[Opening SUPPLIED MATERIAL section]

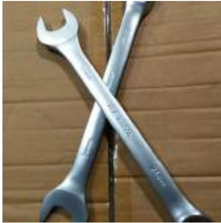
Lampiran 1 Kunci Pas
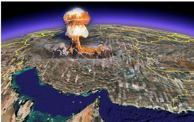
Foto: fotomontaje del ataque nuclear a Irán.
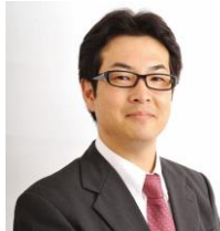
河合 敦 氏

テレビ番組「歴史探偵」でもおなじみの河合敦氏が、近年数多く登場している関ケ原合戦の新説をふまえながら、天下分け目の戦いをわかりやすく解説します。
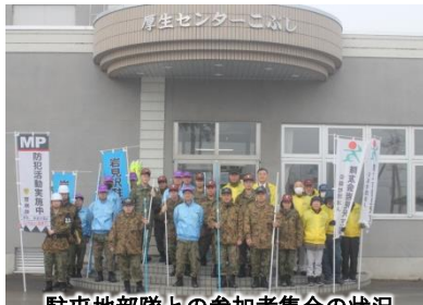
駐屯地部隊との参加者集合の様子

約30分間の短い時間ではありましたが、年齢58歳から75歳までの隊友は若い隊員に負けず、元気に旗を掲げためかせました。通行した車両約140台の中には目で挨拶を返すドライバーもおりました。本取り組みを通じて安全運転・事故防止意識の啓発に寄与するとともに、地域に対する隊友会組織の周知と隊友会と岩見沢駐屯地との絆を一層強固にすることができました。
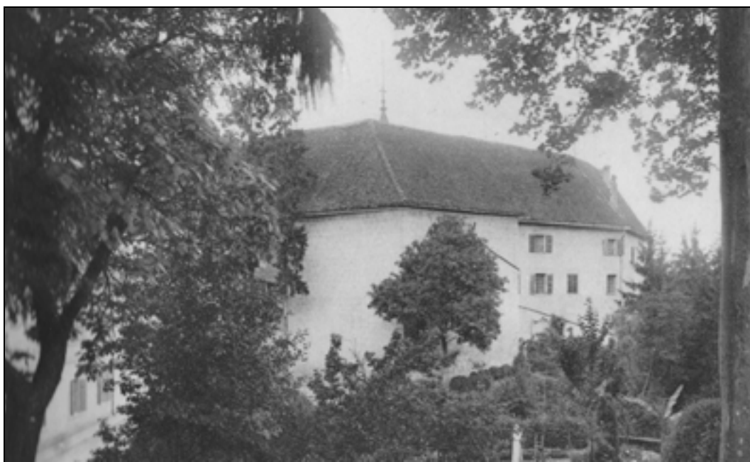
Samostan Marije Rešiteljice (Arhiv MNZS, Enota Brestanica).

V pritličju so menihi uredili obednico, polno dolgih miz. Posoda je bila železna in cinasta, čaše glinene, žlice in vilice pa lesene.
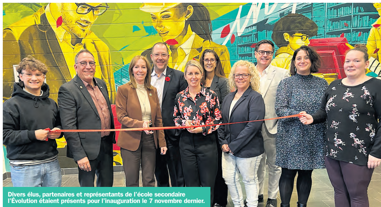
Divers élus, partenaires et représentants de l'école secondaire l'Évolution étaient présents pour l'inauguration le 7 novembre dernier.

Le Centre de services scolaire des Samares a procédé à l'inauguration de la nouvelle école secondaire l'Évolution à Saint-Lin-Laurentides, le vendredi 7 novembre.
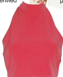
Crop top από ελαστικό ύφασμα boing με χρυσά κουμπιά γύρω από τον λαιμό και τη μέση, The Mannequin Collection
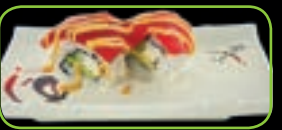
36. Tuna cheese roll tonijn met roomkaas
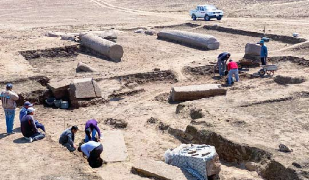
انقاض معبد زيوس عند الإغريق في سيناء

عليها بين بين قلعة بيلوزيوم وكنيسة تذكارية في الموقع. وعثر علماء الآثار على مجموعة من الكتل الغرانيتية، ربما كانت تستخدم لبناء درج للمصلين للوصول إلى المعبد. وتعود أعمال الحفر في المنطقة إلى أوائل القرن العشرين عندما عثر عالم المصريات الفرنسي، جان كليدات، على نقوش يونانية قديمة أظهرت وجود معبد زيوس كاسيوس، لكنه لم يتمكن من اكتشافه، وفقا للوزارة.
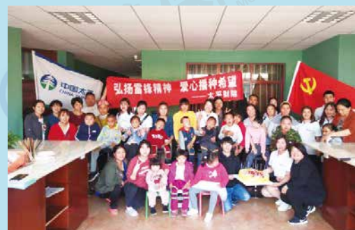
太平财险云南分公司开展弘扬雷锋精神系列活动
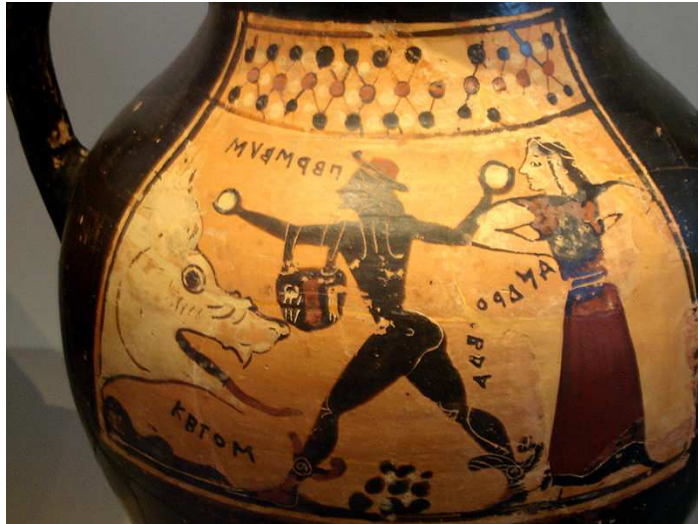
Perseo y Andrómeda. Vaso corintio, s. VII a.C. Berlín, Altes Museum.

http://commons.wikimedia.org/wiki/File:Corinthian_Vase_depicting_Perseus,_Andromeda_and_Ketos.jpg?uselang=es [captura 31/05/2012]
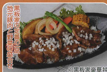
黒板家の定番の高級 地元豚肉と野菜の盛合せ ①黒板家豪華丼 ●ハイランドふらの ☎22-5700 (提供)11:30~15:00 ①黒板家豪華丼 1,050円 ②「北の国から」あか乳ラーメン 950円
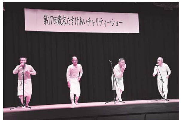
③ 邑智大和ライオンズクラブ
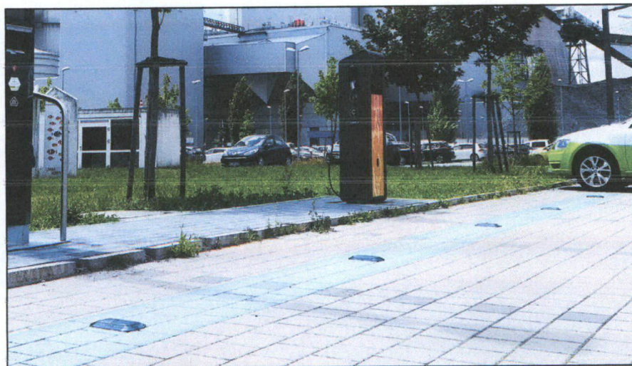
Estacionamento na cidade de Dresden, Alemanha.

ANEXO À INDICAÇÃO QUE DISPÕE SOBRE: Instalação de sensores no estacionamento público localizado no bulevar, centro de Barueri.
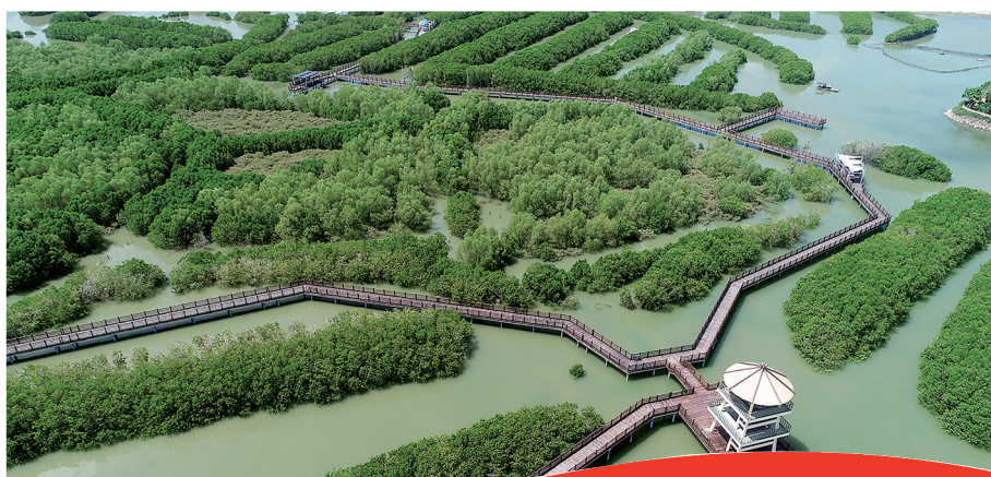
海上栈道,湿地成林。
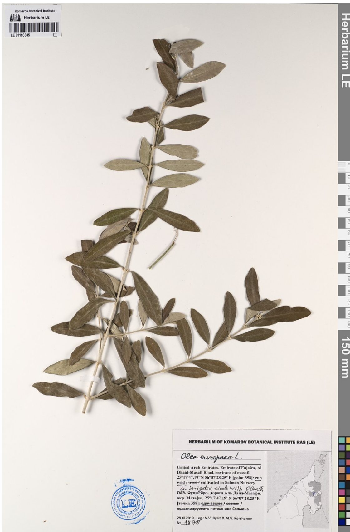
Рис. 13. Гербарный образец Olea europaea L. из окр. г. Мазафи (LE 01193685).
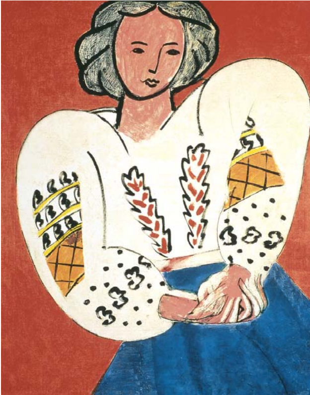
《ルーマニアのブラウス》 1940年 油彩／カンヴァス ポンピドゥーセンター・国立近代美術館 © 2004 Succession H. Matisse, Paris / SPDA, Tokyo

[Closing SUPPLIED MATERIAL section]

-- EXERCISE REQUIREMENTS --
The expected output is the lines above from the one containing "黒板家の定番の高級 地元豚肉と野菜の盛合せ ①黒板家豪華丼" to the one containing "Estacionamento na cidade", both ends included, reproduced exactly with every picture left out.

-- ANSWER BOX --
黒板家の定番の高級 地元豚肉と野菜の盛合せ ①黒板家豪華丼 ●ハイランドふらの ☎22-5700 (提供)11:30~15:00 ①黒板家豪華丼 1,050円 ②「北の国から」あか乳ラーメン 950円
③ 邑智大和ライオンズクラブ
Estacionamento na cidade de Dresden, Alemanha.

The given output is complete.